Thank you for the $10 for my birthday. I will buy a pretty red pink blue dress you will like (I hope). I am skinney now, dr. Noonan put me on a strick diet (ugh!). Lettuce, cellery and cottage cheese.

I HATE

Mrs. Niles died last month, Nana says she wieghed over 500 lbs, I would DIE if I weighed over 500 lbs. I am in the St. Bonyfi Boniface chior now, we sang at Mrs. Niles funneral.

L♥ve Sammy

PS: Nana says Mrs. Niles was buried in a piano crate!
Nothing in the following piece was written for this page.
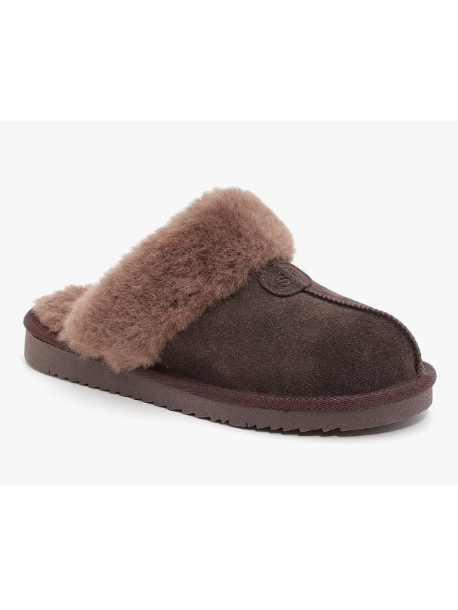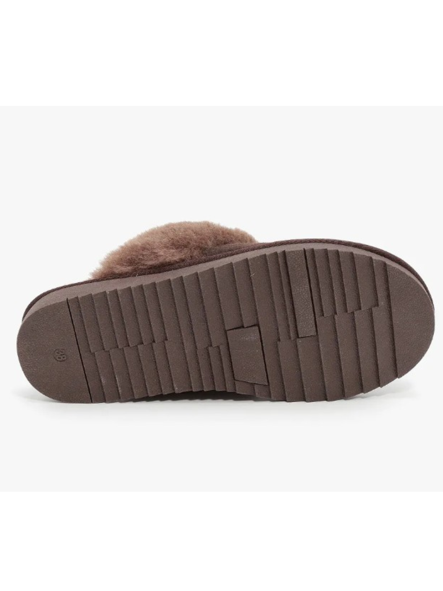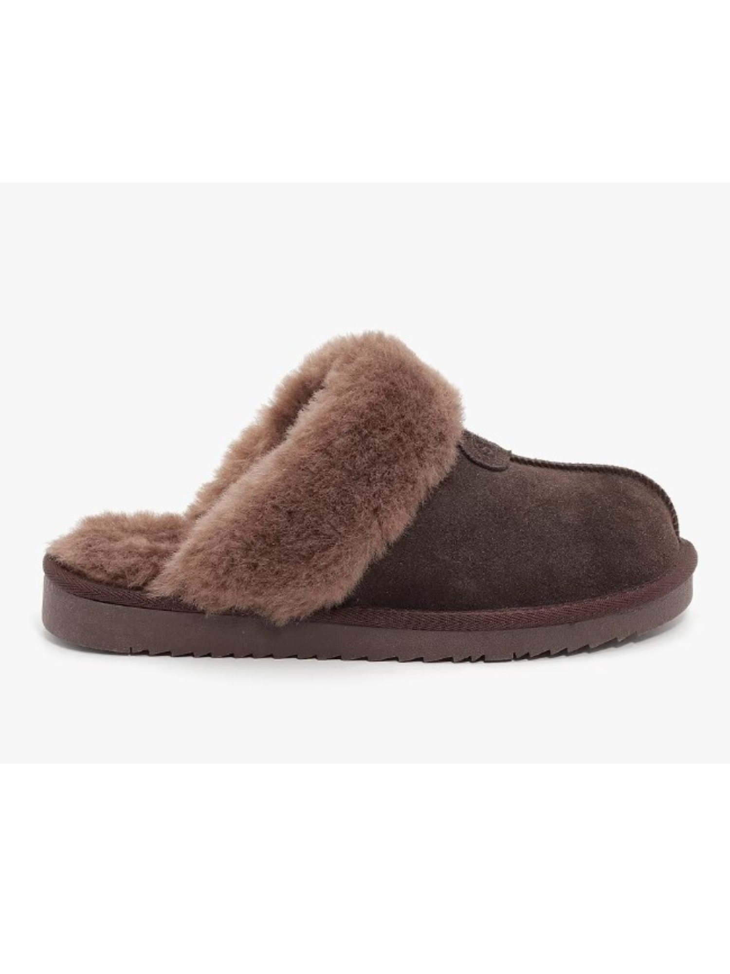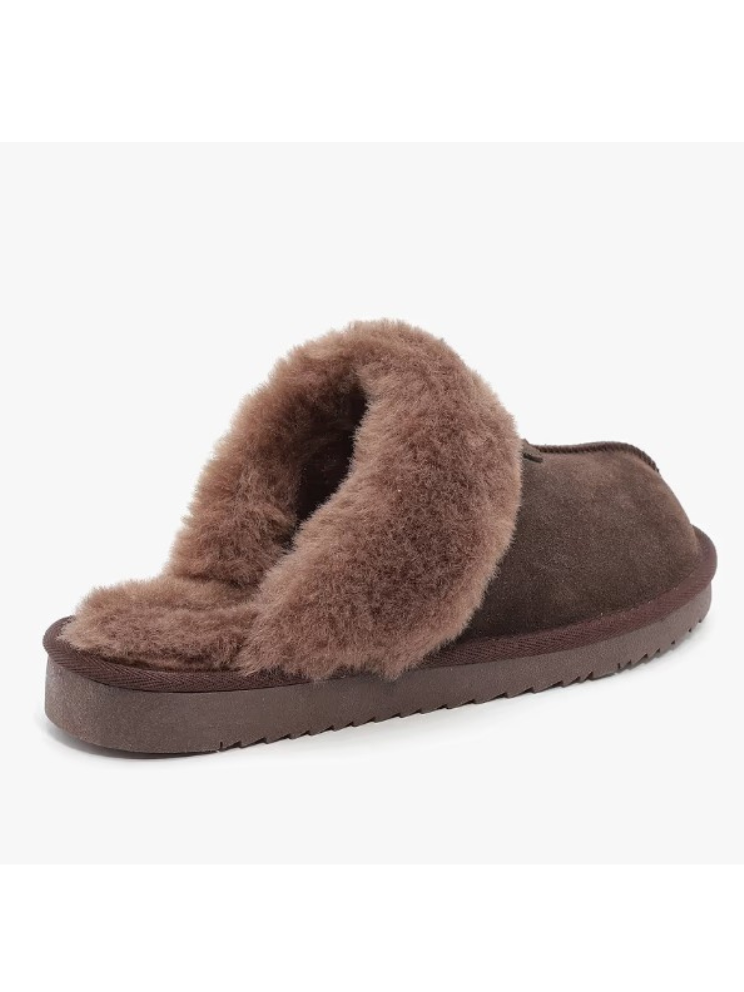 כפכפים מזמש עם בטנת פרווה רכה ונעימה לנשים. הכפכפים סגורים מקדימה באזור האצבעות, עם חרטום עגול ותפר חיצוני בולט ודקורטיבי במרכז הגפה. סוליית גומי בעובי בינוני, שמאפשרת נוחות ויציבות בכל צעד.

(Samantha Anne Mallory, age 9)


C'mon in!

This is a must-attend event!

A command performance!

The family awaits you!



Menu of Events
Full Table of Contents appears after the most recent post
(Scroll down)

Monday, May 26, 2008

Part I: Journeys (Chapter 32)

Journeys



“Just grabbing a quick smoke,” Ruby says, firing up yet another Virginia Slims. “I never know where I can smoke around here.”

Pool side. We’re about to head out for the reunion, but I can’t find my sandals and thought I might have left them out here. Instead, I find my sister dragging on a cigarette.

“I’m sorry,” I say, trying to sound sympathetic, but, I, too, dislike secondhand smoke, though I’d rather die than admit this to Ruby.

“Well, it doesn’t matter.” Ruby draws in a deep drag. “We’re going home tomorrow.”

“Tomorrow? I thought you were staying until Tuesday.” Three days from now.

“Ray’s got work piled up.”

“Oh.”

“Yeah, he’s working on a diesel engine. He needs to finish by Friday.”

“I see.” I might be dense, but the fog eventually clears like a curtain opening up: my sister can’t wait to escape this family–what has taken me years to figure out has taken Ruby just hours. She’s just trying to be polite about it, but, in essence, she’s telling this family to kiss her skinny white Southern ass.

“Where’s your daughter?” Ruby asks.

“Nicole?”

“I was looking forward to meeting her.”

“She couldn’t come.”

“Why?”

I draw in a deep breath. I’m tired of lying. Besides, Ruby already knows about Roger, the Circle of Love, and Nicole’s pregnancy. “Because I told her not to.”

“I don’t understand.”

I tell her about my fears, how Nicole’s condition might shock and kill Nana, blah, blah, blah. In the retelling, my reasons are beginning to sound and feel hollow.

“That’s it?”

“Well, I’d feel guilty if Nana up and died because of Nicole’s outrageous behavior.”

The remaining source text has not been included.